ASSIGNMENT: Extract only the lines from the start of the entries below to the line with "Продаётся 1-комнатная квартира", inclusive; omit every picture.

══════

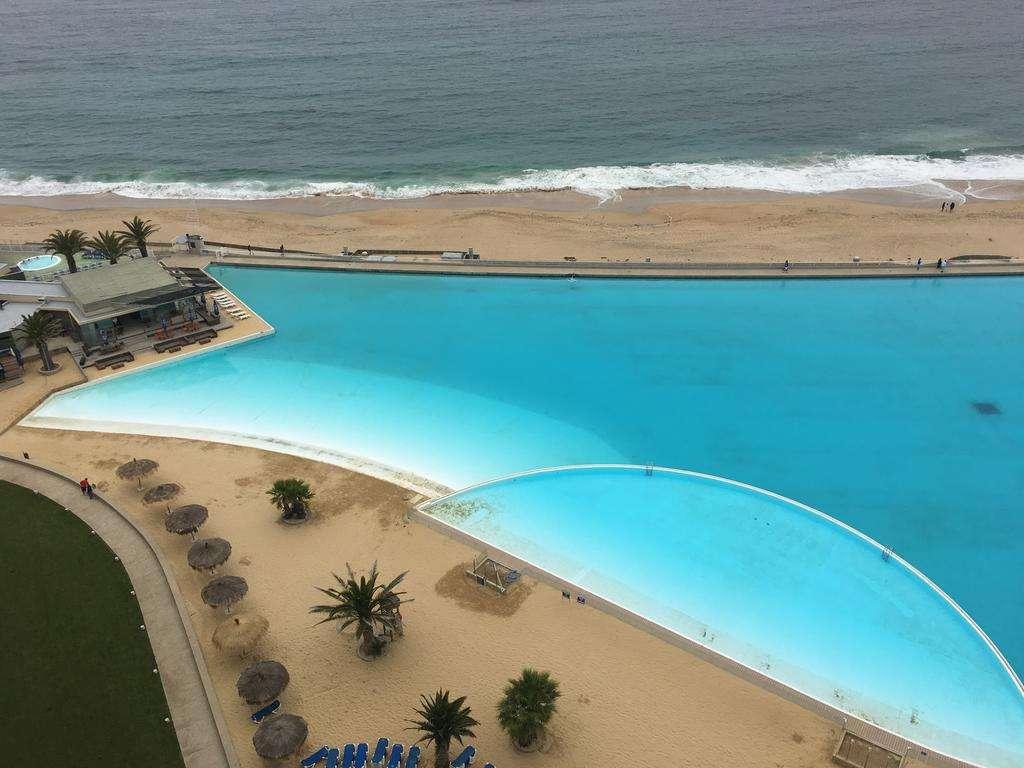 圣阿方索渡假村San Alfonso del Mar,拥有吉尼斯世界纪录认证的世界最大游泳池。泳池长达1公里,占地约8公顷,相当于22个奥林匹克比赛泳池的大小,最大深度为35米。
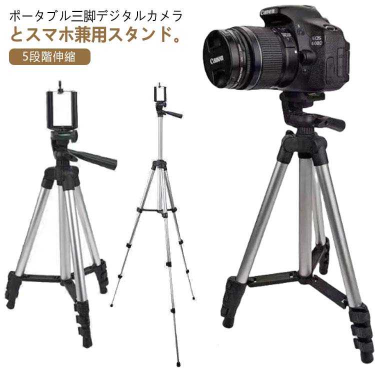 ■三脚 カメラ用 スマホ三脚 アルミ製 5段階伸縮 360度回転 3WAY雲台 デジタル一眼レフ ビデオカメラ デジカメ 折りたたみ 伸縮 Bluetooth
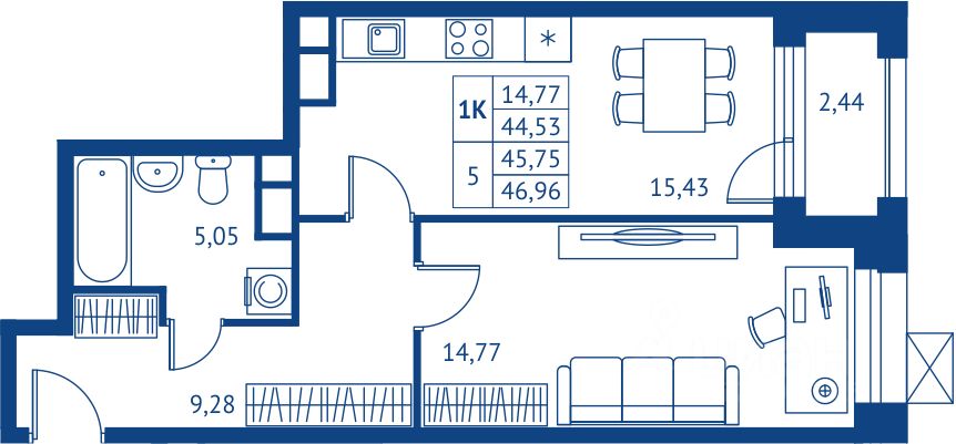 Продаётся 1-комнатная квартира в строящемся доме (Дом 2), срок сдачи: II-кв. 2028, общей площадью 44.53 кв.м., на 4 этаже. Жилой комплекс "Поколение Первых" - новый проект от ГК "Профи Инвест", осуществляющей деятельность на рынке жилой недвижимости более 15 лет (построено более 1 млн. кв. метров жилья).
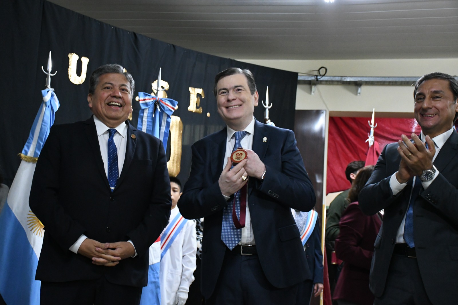 Durante la ceremonia, con la presencia de todo el alumnado, se hizo el descubrimiento de una placa recordatoria por haber sido la Escuela N° 407 la primera sede que acogió a la universidad. Además, el rector entregó al gobernador una medalla conmemorativa por los 50 años de la Unse, “como una muestra de nuestro agradecimiento por su permanente apoyo”.
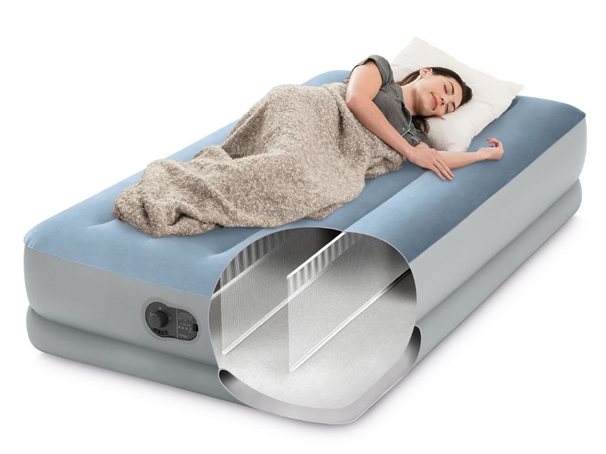 MODERN FIBER-TECH TECHNOLOGYThe Fiber-Tech technology is an innovative solution developed by INTEX, which significantly enhances the quality and durability of the mattress. Instead of traditional air chambers, the internal structure is based on hundreds of ultra-strong polyester fibers, forming a uniform, stable structure. Most importantly – these fibers do not stretch over time, allowing the mattress to maintain its shape and properties even after many cycles of inflation and use. Thanks to Fiber-Tech technology, the user will experience comfort comparable to a traditional bed, making the mattress ideal for both everyday sleep and occasional rest.
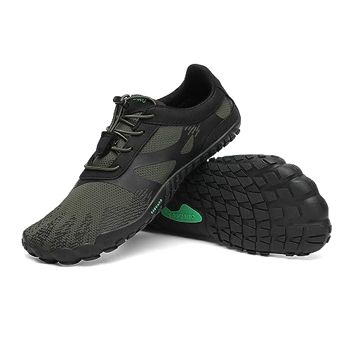 SAGUARO Chaussures Minimaliste Homme Femme Barefoot Shoes Chaussures Pieds Nus Antidérapantes Barefoot Chaussures de Trail Chaussure Randonnée pour Semelle Zero Drop Vert Foncé EU GR.47
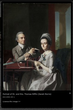 But best of all perhaps is this image, of Thomas Mifflin and his wife, Sarah Morris Mifflin, painted by Copley in 1773. Thomas Mifflin (1744-1800) and his wife, Sarah Morris Mifflin (1747?-1790), were the only Philadelphians painted by John Singleton Copley. Mifflin was an ardent patriot and by the time this portrait was made, had established himself as a successful merchant; later he rose to the rank of major general in the Continental Army, and was elected the first governor of Pennsylvania after the United States achieved independence.
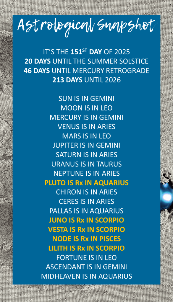 With the Sun ☀️, Mercury communicative 🗣️, and Jupiter expansive 🔭 all residing in Gemini, your core element of Air is profoundly activated. This concentration of energy in your ruling sign amplifies your natural curiosity, intellectual agility, and desire for connection. You’ll likely feel an enhanced mental sharpness, a heightened ability to articulate your thoughts, and a strong inclination to engage in stimulating conversations. Opportunities for learning, sharing information, and networking will feel abundant. This is an optimal time to initiate intellectual projects, to dive into new subjects, or to simply enjoy the free flow of ideas. Your mind, already a bustling marketplace of concepts, will feel even more vibrant and quick-witted, allowing you to connect disparate pieces of information with ease.
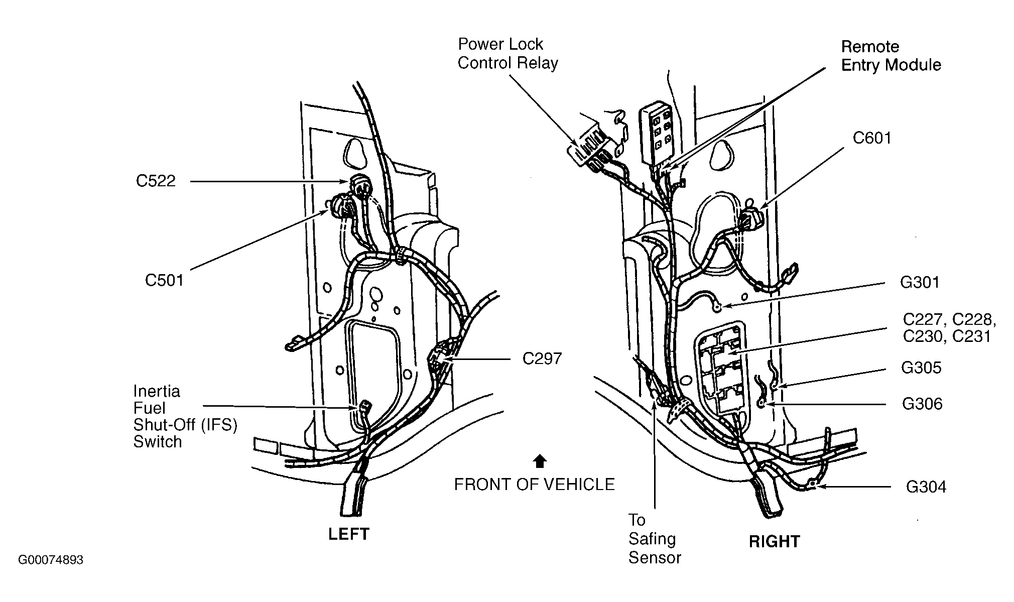Fuel Pump Module Under center of rear seat. See Figure .
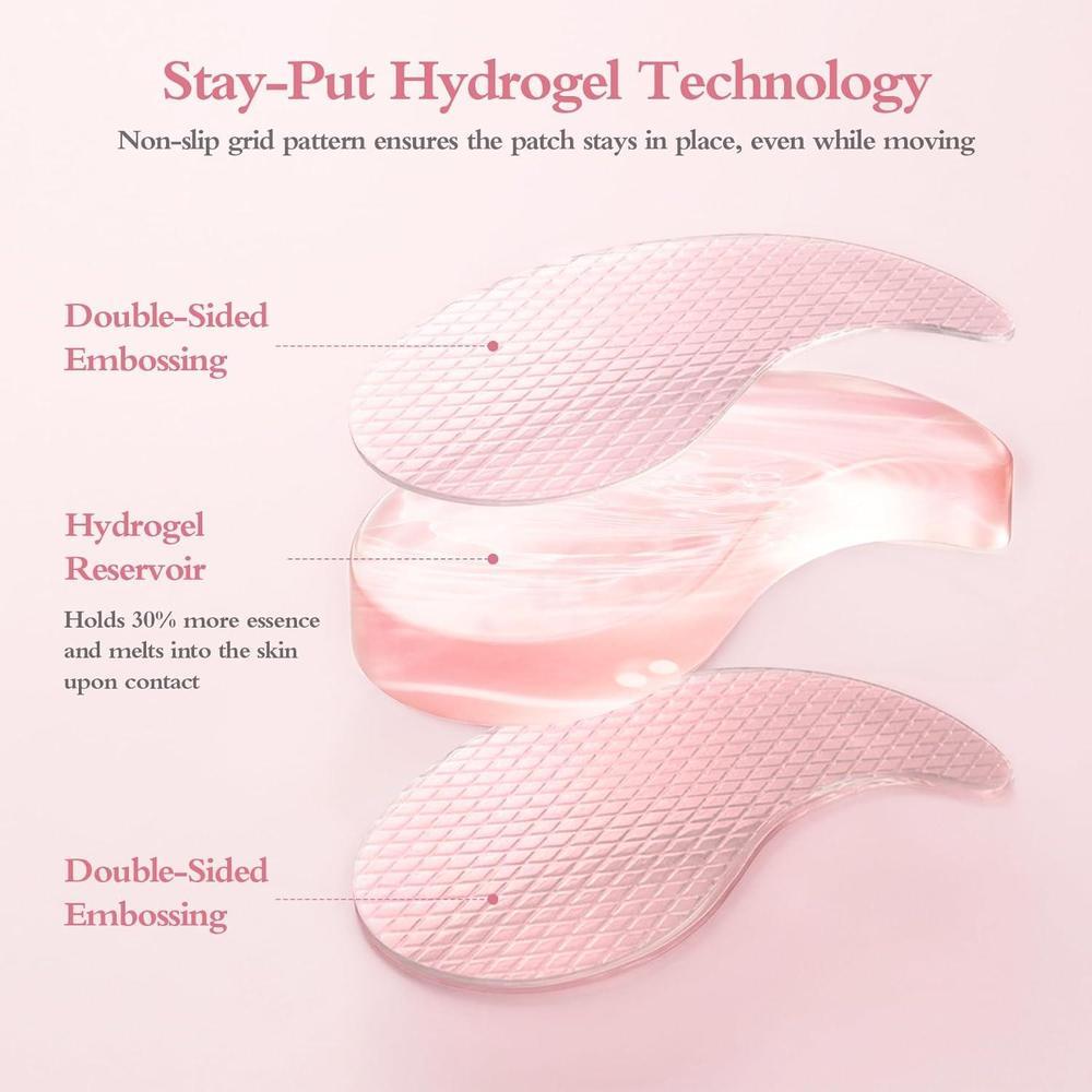 • [Diseño antideslizante y multiusos] Rutina que se mantiene en su lugar: diseñados con un patrón de cuadrícula antideslizante único, estos parches se adhieren perfectamente a los contornos faciales, lo que te permite realizar múltiples tareas sin que se deslicen. La forma versátil trata eficazmente no solo debajo de los ojos, sino también pliegues nasolabiales (líneas de sonrisa), líneas de la frente y arrugas del cuello.
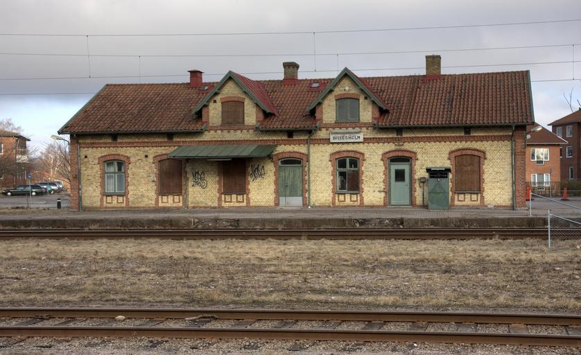 Keywords: billesholms train station sweden railway brick building rails tracks railroad
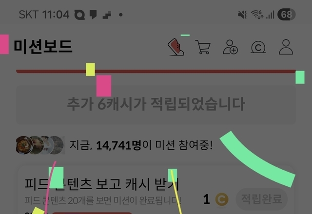 오늘의 캐시적립 미션모음 입니다..오늘 하루도 열심히 적립해서 올립니다..티끌이 태산이 되는 그날만 꿈꾸며 오늘도 미션 클리어❤❤❤
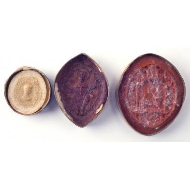 To include (4) plaster copies of seals and (10) plaster impressions coated to imitate various shades of seal wax. This labeled collection, once owned by Bruno Bitter (1898 - 1987), a German Jesuit priest working in Japan, represents European municipal, educational and religious institutions of the late Medieval and Renaissance periods. Presented in their original hinged box with old photocopies showing seal collections.
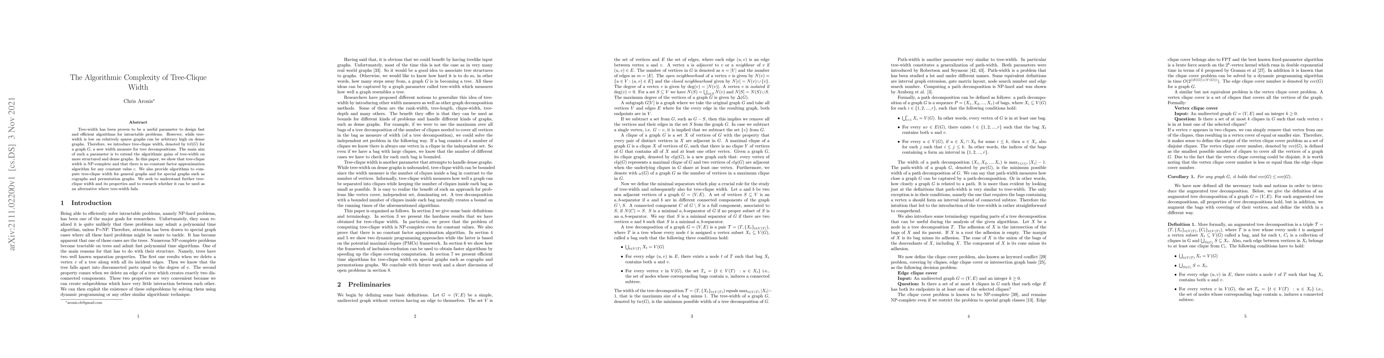 This paper introduces tree-clique width, a new parameter for tree decompositions, aiming to extend the algorithmic benefits of tree-width to denser graphs. The authors prove that computing tree-clique width is NP-complete and inapproximable, but provide algorithms for its computation on specific graph classes like cographs and permutation graphs.
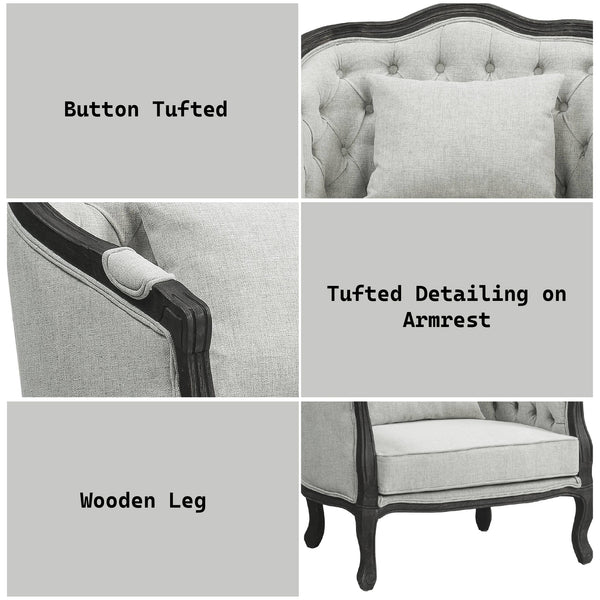 With a nod to vintage French design, the Samael is a modern interpretation of a camelback sofa is distinguished by its exposed, and beautifully carved, wooden frame that wraps you in comfort. Its curved frame with a winding front rail sits off the floor on carved cabriole legs. Enveloped in graycolored linen, the piece features a deep bench seat cushion
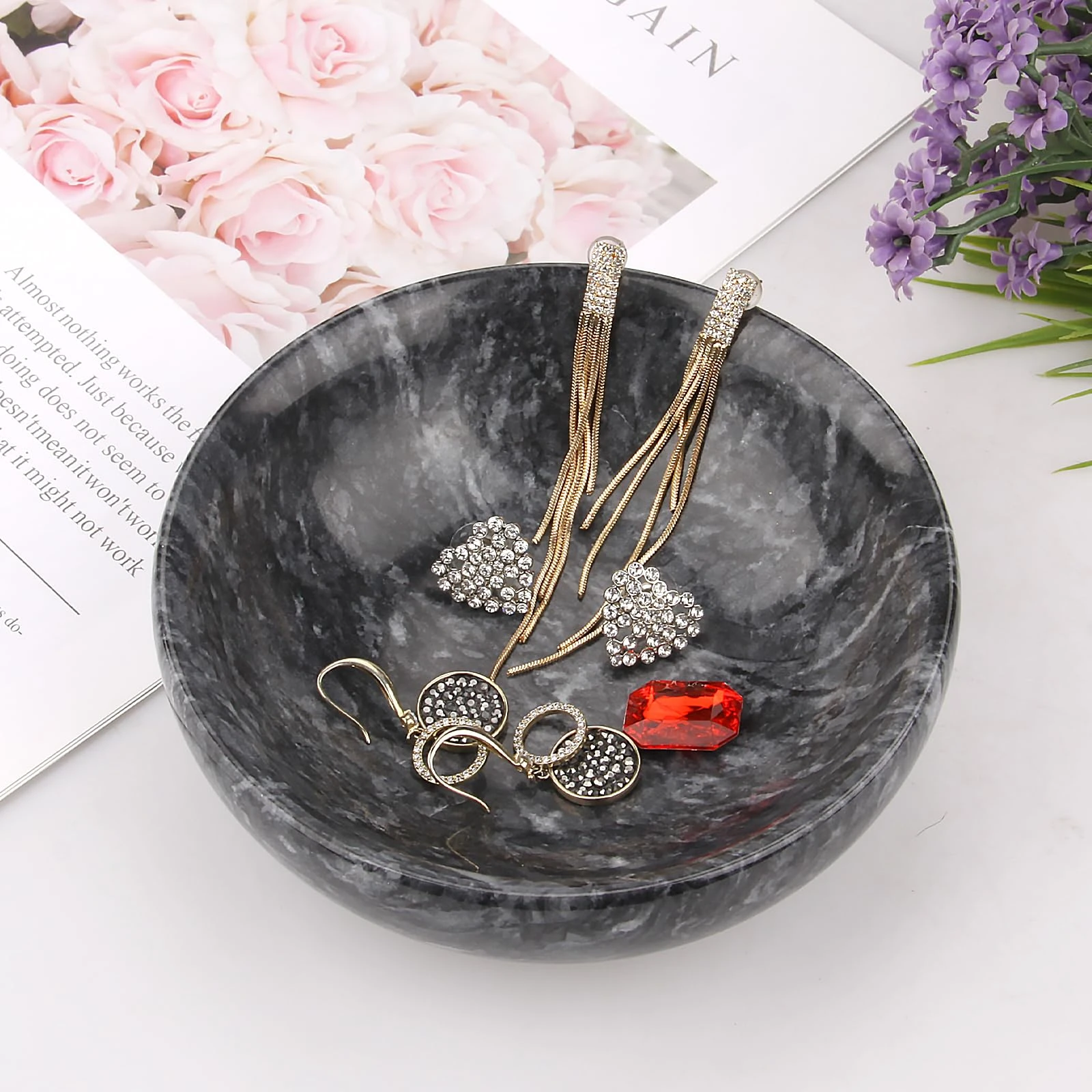 Components: 1 × Marble Product (Main Item). Accessories: Anti-slip Pad (affixed to the base to prevent sliding). Packaging: Inner Packaging: EPE foam or plastic film (for shock absorption and scratch protection); Outer Packaging: Corrugated cardboard carton. Packaging can be customized according to client requirements (e.g., addition of brand logos, gift box packaging, etc.).

══════

RESULT OF THIS TASK:
 圣阿方索渡假村San Alfonso del Mar,拥有吉尼斯世界纪录认证的世界最大游泳池。泳池长达1公里,占地约8公顷,相当于22个奥林匹克比赛泳池的大小,最大深度为35米。
 ■三脚 カメラ用 スマホ三脚 アルミ製 5段階伸縮 360度回転 3WAY雲台 デジタル一眼レフ ビデオカメラ デジカメ 折りたたみ 伸縮 Bluetooth
 Продаётся 1-комнатная квартира в строящемся доме (Дом 2), срок сдачи: II-кв. 2028, общей площадью 44.53 кв.м., на 4 этаже. Жилой комплекс "Поколение Первых" - новый проект от ГК "Профи Инвест", осуществляющей деятельность на рынке жилой недвижимости более 15 лет (построено более 1 млн. кв. метров жилья).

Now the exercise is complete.